Your instructions: Among the lines below, a stretch begins at the one with "1- In the carpenter" and ends at the one with "这三个可能性,我觉得具体到哪". Repeat that stretch exactly, ends included.

The data:
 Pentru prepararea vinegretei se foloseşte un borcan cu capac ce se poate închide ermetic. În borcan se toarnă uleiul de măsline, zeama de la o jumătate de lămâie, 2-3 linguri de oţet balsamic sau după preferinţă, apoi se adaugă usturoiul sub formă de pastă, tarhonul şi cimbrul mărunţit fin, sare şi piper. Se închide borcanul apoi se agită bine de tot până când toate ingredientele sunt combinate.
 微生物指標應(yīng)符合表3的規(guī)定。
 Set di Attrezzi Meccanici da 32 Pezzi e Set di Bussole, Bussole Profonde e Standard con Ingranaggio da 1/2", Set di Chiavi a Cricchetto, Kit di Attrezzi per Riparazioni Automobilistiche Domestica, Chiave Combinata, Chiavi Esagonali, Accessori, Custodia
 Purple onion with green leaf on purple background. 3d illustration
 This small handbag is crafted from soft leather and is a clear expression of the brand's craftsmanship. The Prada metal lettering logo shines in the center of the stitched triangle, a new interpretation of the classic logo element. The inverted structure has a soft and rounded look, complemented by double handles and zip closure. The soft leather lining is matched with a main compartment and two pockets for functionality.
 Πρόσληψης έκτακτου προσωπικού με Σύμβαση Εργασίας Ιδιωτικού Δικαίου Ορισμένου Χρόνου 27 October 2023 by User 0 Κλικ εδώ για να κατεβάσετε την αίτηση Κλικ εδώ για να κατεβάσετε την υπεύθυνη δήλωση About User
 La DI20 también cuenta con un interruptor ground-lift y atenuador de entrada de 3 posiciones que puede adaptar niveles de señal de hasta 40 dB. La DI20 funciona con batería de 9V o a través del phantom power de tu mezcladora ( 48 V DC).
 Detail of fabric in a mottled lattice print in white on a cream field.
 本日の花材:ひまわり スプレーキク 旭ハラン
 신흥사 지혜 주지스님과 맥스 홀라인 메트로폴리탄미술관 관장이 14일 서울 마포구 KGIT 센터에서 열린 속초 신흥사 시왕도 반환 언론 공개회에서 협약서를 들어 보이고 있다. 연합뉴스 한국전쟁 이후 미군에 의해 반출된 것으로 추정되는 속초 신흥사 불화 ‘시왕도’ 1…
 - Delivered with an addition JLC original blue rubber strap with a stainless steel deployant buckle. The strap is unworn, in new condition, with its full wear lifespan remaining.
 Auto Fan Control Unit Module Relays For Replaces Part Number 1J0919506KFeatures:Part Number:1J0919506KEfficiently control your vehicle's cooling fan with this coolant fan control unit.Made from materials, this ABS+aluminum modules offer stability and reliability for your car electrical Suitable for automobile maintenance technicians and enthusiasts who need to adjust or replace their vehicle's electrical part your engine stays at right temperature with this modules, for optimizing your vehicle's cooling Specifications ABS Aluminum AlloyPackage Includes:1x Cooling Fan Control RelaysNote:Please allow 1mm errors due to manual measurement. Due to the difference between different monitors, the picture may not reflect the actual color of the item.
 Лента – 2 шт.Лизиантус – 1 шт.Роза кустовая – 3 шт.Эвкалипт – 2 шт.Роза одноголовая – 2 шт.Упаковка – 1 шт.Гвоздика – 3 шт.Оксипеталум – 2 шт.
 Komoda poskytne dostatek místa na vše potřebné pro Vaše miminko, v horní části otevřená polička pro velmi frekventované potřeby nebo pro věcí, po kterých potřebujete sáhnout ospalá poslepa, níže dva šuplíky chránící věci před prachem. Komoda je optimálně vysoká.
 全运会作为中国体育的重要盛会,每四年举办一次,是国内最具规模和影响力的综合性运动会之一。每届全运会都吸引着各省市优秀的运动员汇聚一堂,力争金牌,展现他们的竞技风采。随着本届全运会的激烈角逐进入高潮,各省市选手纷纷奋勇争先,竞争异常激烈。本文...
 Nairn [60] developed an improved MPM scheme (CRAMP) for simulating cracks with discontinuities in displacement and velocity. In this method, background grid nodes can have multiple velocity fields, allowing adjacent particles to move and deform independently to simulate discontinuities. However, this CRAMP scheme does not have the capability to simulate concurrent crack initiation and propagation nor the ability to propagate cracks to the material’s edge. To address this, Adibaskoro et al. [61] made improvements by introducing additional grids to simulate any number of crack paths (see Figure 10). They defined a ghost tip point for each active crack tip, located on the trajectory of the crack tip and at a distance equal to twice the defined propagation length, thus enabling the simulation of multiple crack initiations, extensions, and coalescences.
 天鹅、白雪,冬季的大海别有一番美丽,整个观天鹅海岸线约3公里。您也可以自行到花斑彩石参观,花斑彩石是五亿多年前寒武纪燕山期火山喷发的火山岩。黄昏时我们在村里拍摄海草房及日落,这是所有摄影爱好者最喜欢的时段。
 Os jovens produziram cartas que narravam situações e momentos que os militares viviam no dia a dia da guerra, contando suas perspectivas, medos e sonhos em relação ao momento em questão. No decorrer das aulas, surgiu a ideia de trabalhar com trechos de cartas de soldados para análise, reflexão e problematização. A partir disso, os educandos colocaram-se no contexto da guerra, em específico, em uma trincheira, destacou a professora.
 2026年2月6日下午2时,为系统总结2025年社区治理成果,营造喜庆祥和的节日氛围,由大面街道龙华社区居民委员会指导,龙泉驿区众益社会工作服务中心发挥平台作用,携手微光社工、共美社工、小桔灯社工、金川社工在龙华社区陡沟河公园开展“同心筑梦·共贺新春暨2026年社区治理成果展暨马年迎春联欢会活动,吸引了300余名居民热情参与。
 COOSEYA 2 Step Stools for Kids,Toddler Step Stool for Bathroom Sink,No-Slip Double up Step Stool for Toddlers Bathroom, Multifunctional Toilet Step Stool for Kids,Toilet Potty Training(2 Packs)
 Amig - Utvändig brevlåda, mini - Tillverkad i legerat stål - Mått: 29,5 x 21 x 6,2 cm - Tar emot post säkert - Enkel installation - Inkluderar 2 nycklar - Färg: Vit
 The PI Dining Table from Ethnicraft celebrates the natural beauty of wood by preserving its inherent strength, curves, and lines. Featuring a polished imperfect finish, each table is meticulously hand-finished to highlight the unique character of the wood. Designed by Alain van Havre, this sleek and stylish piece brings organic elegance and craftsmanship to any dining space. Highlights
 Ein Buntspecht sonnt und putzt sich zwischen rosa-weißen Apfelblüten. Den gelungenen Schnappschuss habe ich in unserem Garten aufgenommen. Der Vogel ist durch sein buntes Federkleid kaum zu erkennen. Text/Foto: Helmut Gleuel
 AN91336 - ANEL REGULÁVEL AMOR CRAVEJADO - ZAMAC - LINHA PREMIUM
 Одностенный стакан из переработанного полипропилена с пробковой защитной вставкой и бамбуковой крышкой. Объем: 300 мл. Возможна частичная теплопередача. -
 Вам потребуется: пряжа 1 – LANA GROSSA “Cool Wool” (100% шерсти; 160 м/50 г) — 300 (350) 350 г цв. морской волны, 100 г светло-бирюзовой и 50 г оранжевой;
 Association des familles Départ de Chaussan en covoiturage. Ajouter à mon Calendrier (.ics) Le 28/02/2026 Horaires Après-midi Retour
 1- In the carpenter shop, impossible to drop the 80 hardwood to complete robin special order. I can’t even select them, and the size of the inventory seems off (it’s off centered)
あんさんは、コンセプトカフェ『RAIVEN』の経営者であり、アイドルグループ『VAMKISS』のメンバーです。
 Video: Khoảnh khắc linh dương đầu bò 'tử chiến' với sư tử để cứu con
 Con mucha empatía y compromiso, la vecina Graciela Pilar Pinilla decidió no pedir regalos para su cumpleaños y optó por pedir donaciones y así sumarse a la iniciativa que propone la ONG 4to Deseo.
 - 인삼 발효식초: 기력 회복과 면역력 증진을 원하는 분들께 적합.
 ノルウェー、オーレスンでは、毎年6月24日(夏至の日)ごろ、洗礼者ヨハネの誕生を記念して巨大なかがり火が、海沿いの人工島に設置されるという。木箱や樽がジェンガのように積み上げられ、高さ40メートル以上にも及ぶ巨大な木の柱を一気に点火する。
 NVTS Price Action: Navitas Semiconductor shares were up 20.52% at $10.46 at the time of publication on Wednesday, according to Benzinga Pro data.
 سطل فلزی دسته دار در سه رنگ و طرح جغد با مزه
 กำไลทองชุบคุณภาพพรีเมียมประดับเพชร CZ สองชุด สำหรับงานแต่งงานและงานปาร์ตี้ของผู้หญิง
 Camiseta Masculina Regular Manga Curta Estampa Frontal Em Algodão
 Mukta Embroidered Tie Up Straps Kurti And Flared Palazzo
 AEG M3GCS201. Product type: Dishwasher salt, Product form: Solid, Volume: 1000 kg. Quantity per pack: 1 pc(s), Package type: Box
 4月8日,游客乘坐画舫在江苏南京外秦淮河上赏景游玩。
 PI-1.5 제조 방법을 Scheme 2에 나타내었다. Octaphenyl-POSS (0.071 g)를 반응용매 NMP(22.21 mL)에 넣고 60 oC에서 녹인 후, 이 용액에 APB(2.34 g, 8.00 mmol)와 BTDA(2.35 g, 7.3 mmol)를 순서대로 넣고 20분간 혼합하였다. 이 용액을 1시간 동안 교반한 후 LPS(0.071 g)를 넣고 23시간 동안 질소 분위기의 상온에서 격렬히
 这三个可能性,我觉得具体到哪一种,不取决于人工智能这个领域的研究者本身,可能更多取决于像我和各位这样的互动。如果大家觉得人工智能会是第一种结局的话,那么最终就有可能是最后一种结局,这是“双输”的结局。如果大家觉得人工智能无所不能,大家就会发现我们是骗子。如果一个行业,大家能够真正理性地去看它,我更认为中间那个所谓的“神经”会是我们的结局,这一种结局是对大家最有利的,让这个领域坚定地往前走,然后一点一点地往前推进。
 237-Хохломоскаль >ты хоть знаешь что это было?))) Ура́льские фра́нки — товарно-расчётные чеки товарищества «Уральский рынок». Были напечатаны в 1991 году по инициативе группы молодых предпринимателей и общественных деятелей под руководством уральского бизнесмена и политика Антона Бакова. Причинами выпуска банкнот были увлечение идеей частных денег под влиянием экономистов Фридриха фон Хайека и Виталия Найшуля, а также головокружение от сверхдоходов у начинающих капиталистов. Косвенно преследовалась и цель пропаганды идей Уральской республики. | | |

Response area:
 1- In the carpenter shop, impossible to drop the 80 hardwood to complete robin special order. I can’t even select them, and the size of the inventory seems off (it’s off centered)
あんさんは、コンセプトカフェ『RAIVEN』の経営者であり、アイドルグループ『VAMKISS』のメンバーです。
 Video: Khoảnh khắc linh dương đầu bò 'tử chiến' với sư tử để cứu con
 Con mucha empatía y compromiso, la vecina Graciela Pilar Pinilla decidió no pedir regalos para su cumpleaños y optó por pedir donaciones y así sumarse a la iniciativa que propone la ONG 4to Deseo.
 - 인삼 발효식초: 기력 회복과 면역력 증진을 원하는 분들께 적합.
 ノルウェー、オーレスンでは、毎年6月24日(夏至の日)ごろ、洗礼者ヨハネの誕生を記念して巨大なかがり火が、海沿いの人工島に設置されるという。木箱や樽がジェンガのように積み上げられ、高さ40メートル以上にも及ぶ巨大な木の柱を一気に点火する。
 NVTS Price Action: Navitas Semiconductor shares were up 20.52% at $10.46 at the time of publication on Wednesday, according to Benzinga Pro data.
 سطل فلزی دسته دار در سه رنگ و طرح جغد با مزه
 กำไลทองชุบคุณภาพพรีเมียมประดับเพชร CZ สองชุด สำหรับงานแต่งงานและงานปาร์ตี้ของผู้หญิง
 Camiseta Masculina Regular Manga Curta Estampa Frontal Em Algodão
 Mukta Embroidered Tie Up Straps Kurti And Flared Palazzo
 AEG M3GCS201. Product type: Dishwasher salt, Product form: Solid, Volume: 1000 kg. Quantity per pack: 1 pc(s), Package type: Box
 4月8日,游客乘坐画舫在江苏南京外秦淮河上赏景游玩。
 PI-1.5 제조 방법을 Scheme 2에 나타내었다. Octaphenyl-POSS (0.071 g)를 반응용매 NMP(22.21 mL)에 넣고 60 oC에서 녹인 후, 이 용액에 APB(2.34 g, 8.00 mmol)와 BTDA(2.35 g, 7.3 mmol)를 순서대로 넣고 20분간 혼합하였다. 이 용액을 1시간 동안 교반한 후 LPS(0.071 g)를 넣고 23시간 동안 질소 분위기의 상온에서 격렬히
 这三个可能性,我觉得具体到哪一种,不取决于人工智能这个领域的研究者本身,可能更多取决于像我和各位这样的互动。如果大家觉得人工智能会是第一种结局的话,那么最终就有可能是最后一种结局,这是“双输”的结局。如果大家觉得人工智能无所不能,大家就会发现我们是骗子。如果一个行业,大家能够真正理性地去看它,我更认为中间那个所谓的“神经”会是我们的结局,这一种结局是对大家最有利的,让这个领域坚定地往前走,然后一点一点地往前推进。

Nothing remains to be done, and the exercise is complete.